It is recommended that participants join at least 10 minutes prior
to the event start.
The replay will be available in the Investors section of the
Company’s website shortly after the conclusion of the call and will
remain available for approximately seven days.
About NCS Multistage Holdings, Inc.
NCS Multistage Holdings, Inc. is a leading provider of highly
engineered products and support services that facilitate the
optimization of oil and natural gas well construction, well
completions and field development strategies. NCS provides products
and services primarily to exploration and production companies for
use in onshore and offshore wells, predominantly wells that have
been drilled with horizontal laterals in both unconventional and
conventional oil and natural gas formations. NCS’s products and
services are utilized in oil and natural gas basins throughout
North America and in selected international markets, including the
North Sea, the Middle East, Argentina and China. NCS’s common stock
is traded on the Nasdaq Capital Market under the symbol “NCSM.”

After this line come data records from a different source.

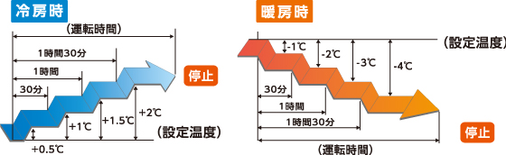 ※ 控えめに設定すると、暖まり(冷え)がおそくなる場合があります。
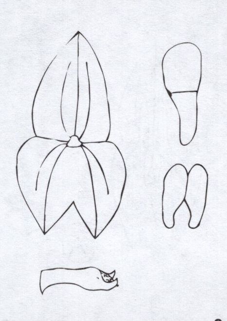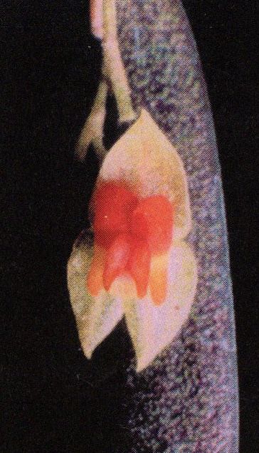 Found in Guatemala near Coban at elevations around 1400 meters as a mini-miniature sized, cool growing epiphyte with erect, filiform ramicauls enveloped by brown lepanthiform sheaths with the margins of the ostium glandular pubescent and carrying a single, apical, elliptic-oblong, purple colored, flat with a prominent midvein, tridentate apically leaf that blooms in the late summer on 1 to 2, erect, .6 to .8" [1.5 to 2 cm] long, subcongested, successively single, few flowered inflorescence with papery, coffee colored, glabrous floral bracts.
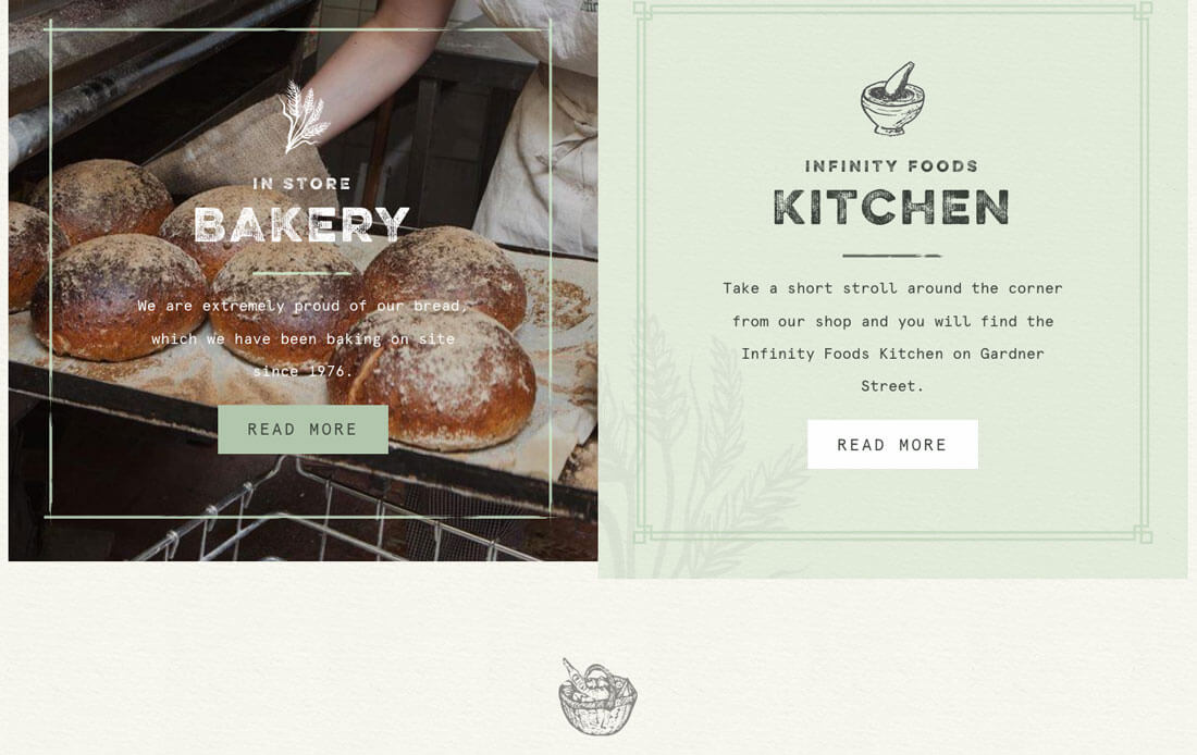 所以,你可以参考 Infinity Foods 的设计。你可以打开他们的网站,看看他们全套的图标都是怎么设计的,这种个人风格浓郁的设计,本身就足以营造出区别于同行的特色。
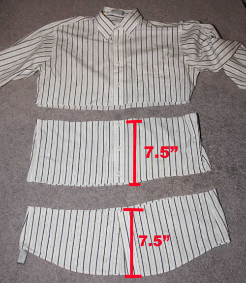 Botón para arriba camiseta #2 y en posición plana. Marca 7.5" encima de la parte inferior y 7.5" por encima de eso. Camiseta de corte recto, a través de ambas capas, en ambas marcas.
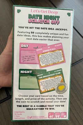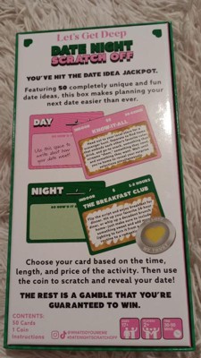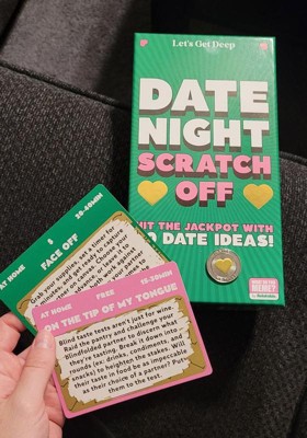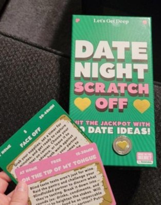 [This review was collected as part of a promotion.] The Date Night Scratch Off package is an interesting game that will give some ideas for dates. Some of them are corny, but also fun to attempt. You select a card and scratch off to reveal your date challenge. There is also a section on the back to write down how the date went. They have a price range, if it's indoors or outdoor, and how long the date might take you at the top of each card so it makes selecting one that fits your timeframe and budget a little easier before scratching the card.

Additional information is available on the website,
www.ncsmultistage.com.
Forward Looking Statements
This press release contains forward-looking statements within
the meaning of the “safe harbor” provisions of the Private
Securities Litigation Reform Act of 1995. Forward-looking
statements can be identified by words such as “anticipates,”
“intends,” “plans,” “seeks,” “believes,” “estimates,” “expects” and
similar references to future periods, or by the inclusion of
forecasts or projections. Examples of forward-looking statements
include, but are not limited to, statements we make regarding the
outlook for our future business and financial performance.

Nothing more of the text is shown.